ヘラの言葉も俺の言葉も全部同じ重さなのです。
そんな方を俺とヘラの漫才に付き合わせてはいけません。
ここはそのまま言葉を放置するのです。
「ほぉ、若けぇのに別嬪な嫁さんもらったじゃねぇか坊主!こりゃ中々のやり手じゃねぇかぁ、こいつめぇ」
「………はぁ、まあ、婚姻自体はもう少し先ですね。ぼくはまだ四歳なので」
横でクネクネしながら念話で良妻アピールしているヘラさんは置いて、ジャックとの会話を続ける。

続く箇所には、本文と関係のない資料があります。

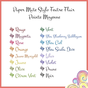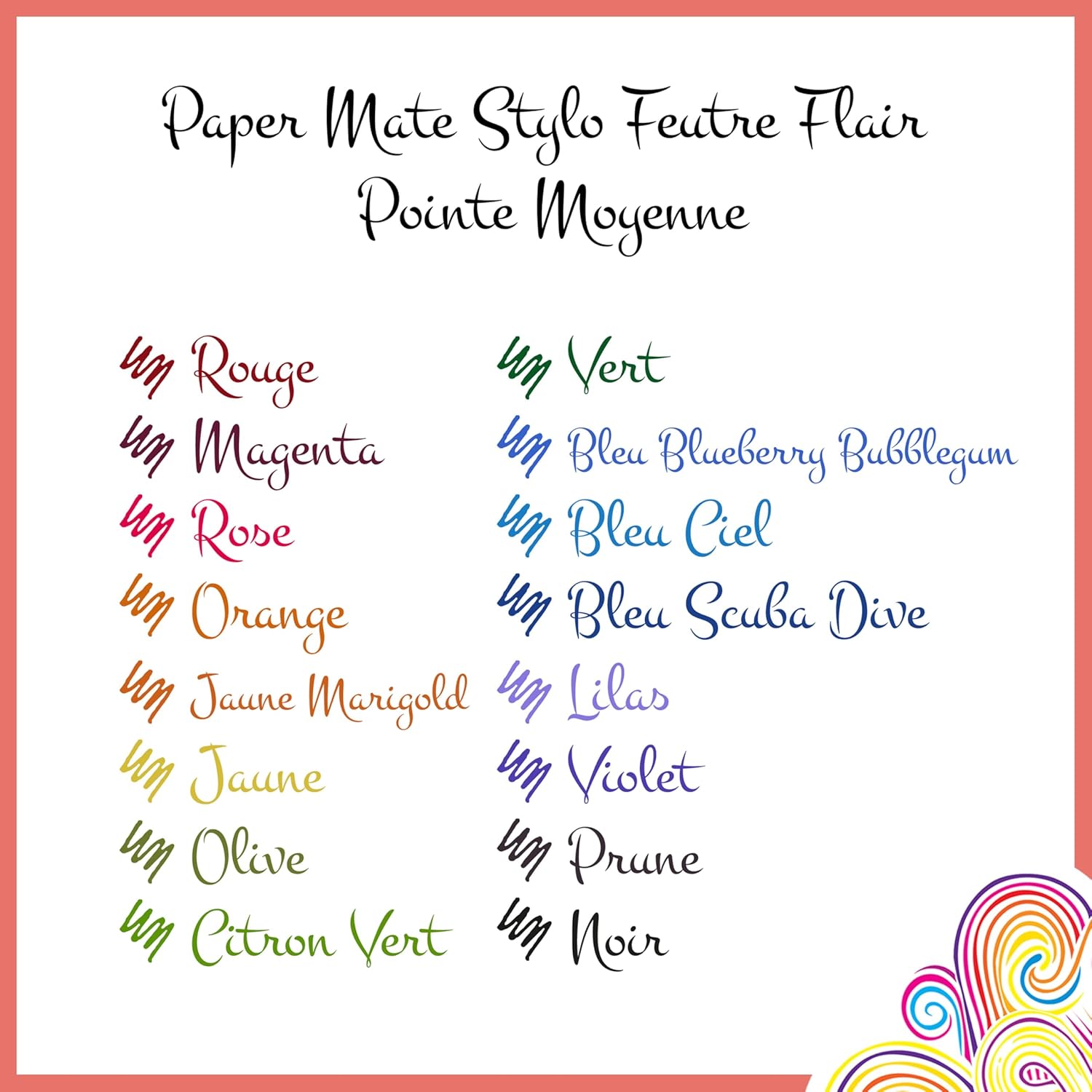 Un autre point fort des stylos feutres Paper Mate Flair est la diversité de couleurs qu’ils offrent. Avec un assortiment de 16 couleurs vives, vous avez un large éventail d’options pour exprimer votre créativité. Chaque couleur est soigneusement sélectionnée pour non seulement égayer vos écrits, mais aussi pour donner vie à vos projets artistiques. Les teintes individuelles sont conçues pour rester éclatantes, garantissant que vos œuvres d’art ne perdent pas de leur charme avec le temps.

「それで坊主、お前さんは馬車の改造が目的だそうだが、どうしたいと思ってる?」
「はい、乗り心地をもう少し良くしたいなと思いまして」
その言葉を聞いたジャックはサングラスを外し、目を見開いた。
「お嬢、ちょっとばかし坊主と二人で話させてくれねぇか?」
「構いませんが、ヘラさん、宜しいですか?」
―――悪意は感じませんのでラスティ様が良いのであれば私は構いません。
そうして案内されたのは事務所兼応接間みたいな部屋。
何の話がしたいのかは分からないが、椅子を進められ、お茶を出してくれる。
向かいの席に座り、細い葉巻に火を付けるとゆっくりとした言葉で尋ねられた。
「教えてほしいんだが、坊主、おめぇは転生者か?」
ジャックのサングラスは溶接用の物です。
お洒落アイテムでもメガネ属性でもありません。